### Dataset excerpts ###
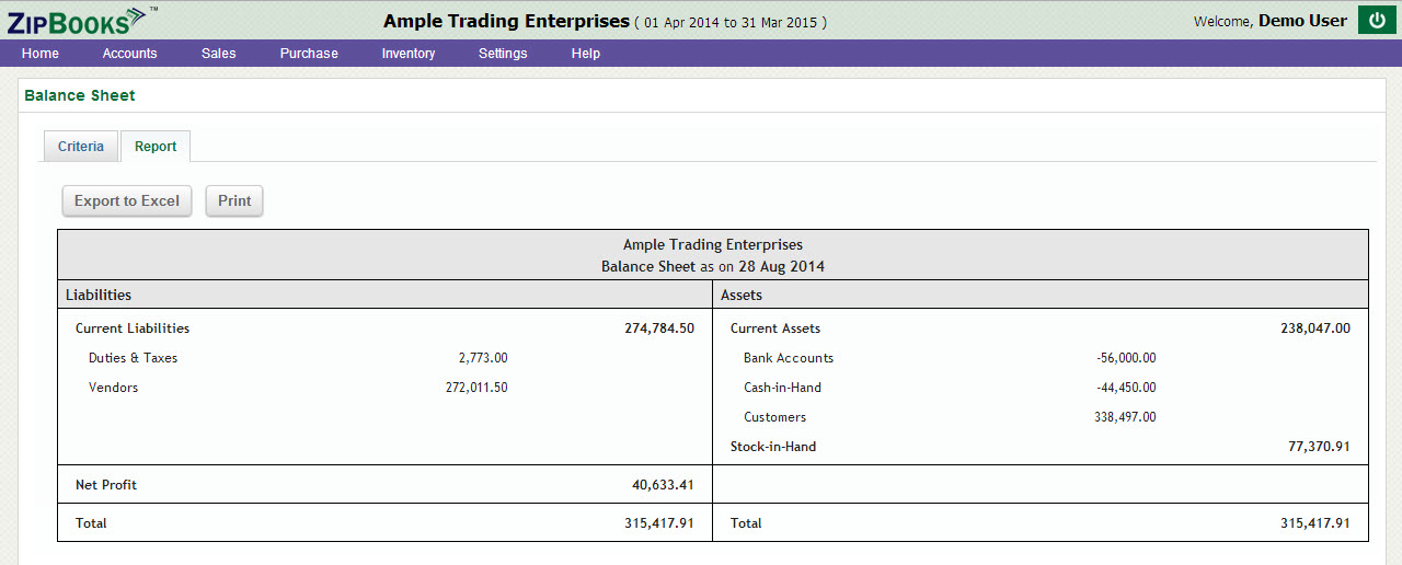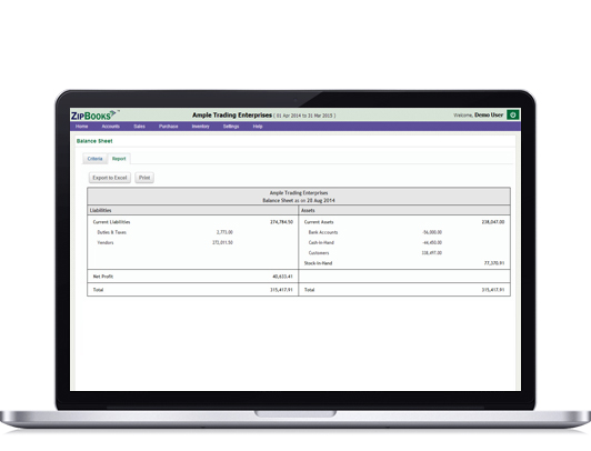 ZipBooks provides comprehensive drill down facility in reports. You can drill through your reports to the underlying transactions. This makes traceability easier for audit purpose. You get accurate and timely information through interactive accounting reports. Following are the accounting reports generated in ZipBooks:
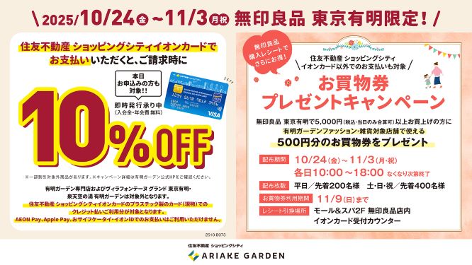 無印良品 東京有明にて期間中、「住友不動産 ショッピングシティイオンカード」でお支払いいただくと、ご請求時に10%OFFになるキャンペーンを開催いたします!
###
### Dataset excerpts ###
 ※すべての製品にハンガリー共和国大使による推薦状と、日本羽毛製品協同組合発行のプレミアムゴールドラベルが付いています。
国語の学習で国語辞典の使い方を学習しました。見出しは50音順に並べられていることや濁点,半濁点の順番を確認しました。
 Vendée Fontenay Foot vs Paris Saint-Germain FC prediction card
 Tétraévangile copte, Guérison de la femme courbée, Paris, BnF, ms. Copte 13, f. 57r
###
** To do **
The expected answer is a copy of each line in the listing above that contains "Paris".

** Result for this exercise **
 Vendée Fontenay Foot vs Paris Saint-Germain FC prediction card
 Tétraévangile copte, Guérison de la femme courbée, Paris, BnF, ms. Copte 13, f. 57r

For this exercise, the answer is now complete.